A sequence A of positive integers is r-Ramsey complete if for every r-coloring of A, every sufficiently large integer can be written as a sum of the elements of a monochromatic subsequence. Burr and Erdos proposed several open problems in 1985 on how sparse can an r-Ramsey complete sequence be and which polynomial sequences are r-Ramsey complete. Erdos later offered cash prizes for two of these problems. We prove a result which solves the problems of Burr and Erdos on Ramsey complete sequences. The proof uses tools from probability, combinatorics, and number theory.

Joint work with David Conlon.

### Polynomial to exponential transition in Ramsey theory

Series
Joint School of Mathematics and ACO Colloquium
Time
Thursday, February 14, 2019 - 11:00 for 1 hour (actually 50 minutes)
Location
Skiles 006
Speaker
Dhruv MubayiUniversity of Illinois at Chicago

### Graph Colouring Via The Probabilistic Method

Series
Joint School of Mathematics and ACO Colloquium
Time
Thursday, January 21, 2010 - 11:05 for 1 hour (actually 50 minutes)
Location
Skiles 269
Speaker
Bruce ReedMcGill University
The term Probabilistic Method refers to the proof of deterministic statements using probabilistic tools. Two of the most famous examples arise in number theory. these are: the first non-analytic proof of the prime number theorem given by Erdos in the 1940s, and the recent proof of the Hardy-Littlewood Conjecture (that there are arbitrarily long arithmetic progressions of primes) by Green and Tao. The method has also been succesfully applied in the field of graph colouring. We survey some of the results thereby obtained. The talk is targeted at a general audience. We will first define graph colouring, explain the type of graph colouring problems which tend to attract interest, and then explain the probabilistic tools which are used to solve them, and why we would expect the type of tools that are used to be effective for solving the types of problems typically studied.
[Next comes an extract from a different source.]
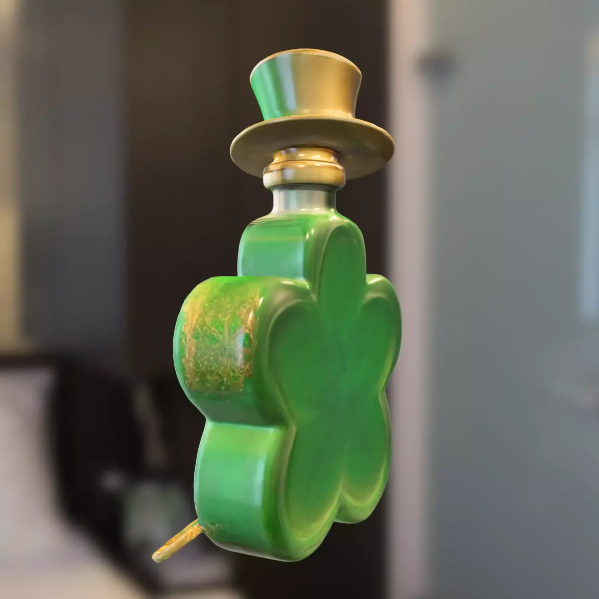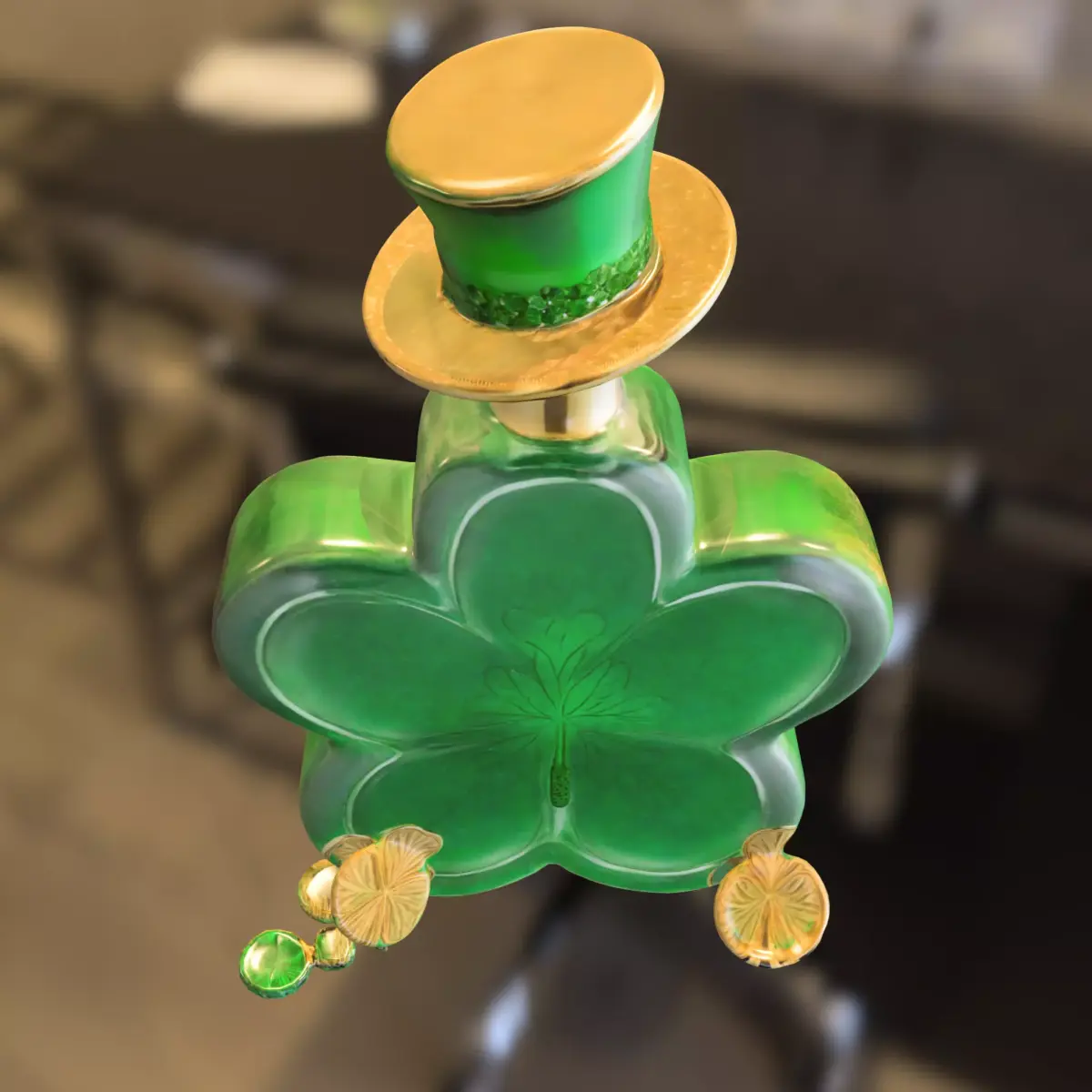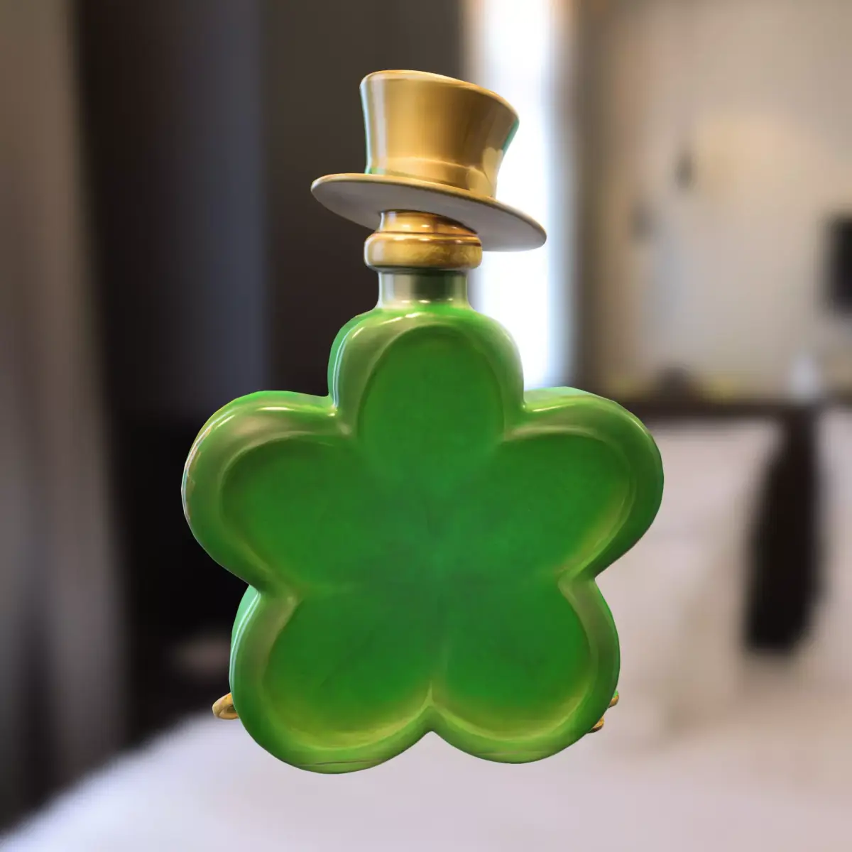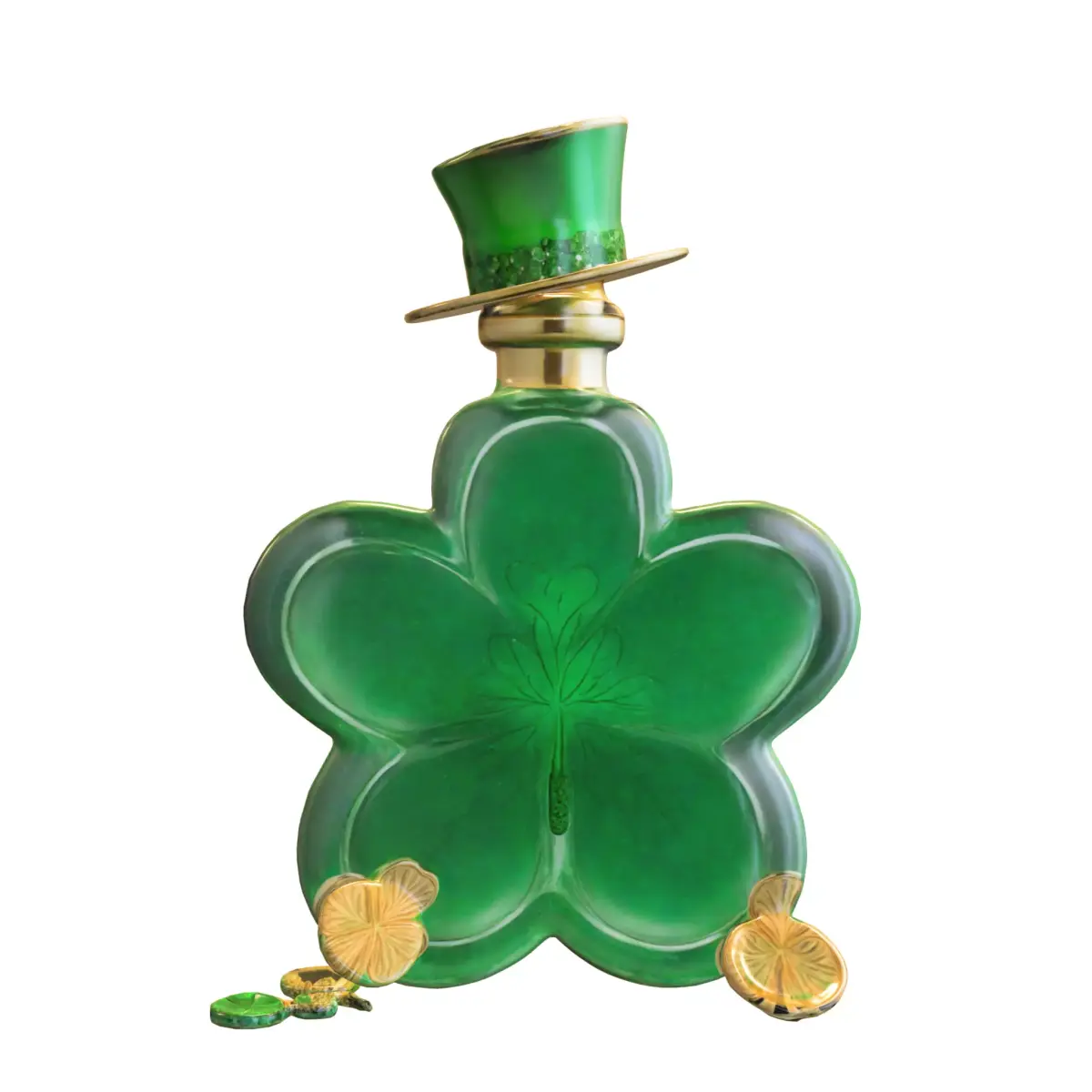 A detailed 3D model of a shamrock-shaped potion bottle, featuring a rich emerald green glass design, engraved clover details, and a whimsical leprechaun-style top hat. Ideal for fantasy, magic, or seasonal themes in popular games such as World of Warcraft, Skyrim, The Sims, VRChat, and Fortnite Creative. This versatile asset can be used as a collectible item, decorative prop, or magical object in game environments. Provided in multiple formats (OBJ, FBX, STL, DAE, PLY, GLB, Blender) for seamless integration into various 3D software and game engines. Also suitable for high-quality 3D printing for themed decorations or cosplay props.

### Quantum Physics and Algebraic Graph Theory

Series
Joint School of Mathematics and ACO Colloquium
Time
Tuesday, October 21, 2008 - 16:30 for 2 hours
Location
Skiles 255
Speaker
Chris GodsilUniversity of Waterloo

Please Note: Refreshments will be served at 4PM in Skiles 236.

The possibility of a quantum computer has lead to much new work in theoretical physics and, naturally enough, this work has raised many new mathematical problems. What is perhaps surprising is that it has lead to interesting problems in algebraic graph theory. For example, questions about the relative power of quantum computer and classical computers lead to questions about the chromatic number of certain graphs. In my talk I will discuss some of these problems, and the progress that has been made.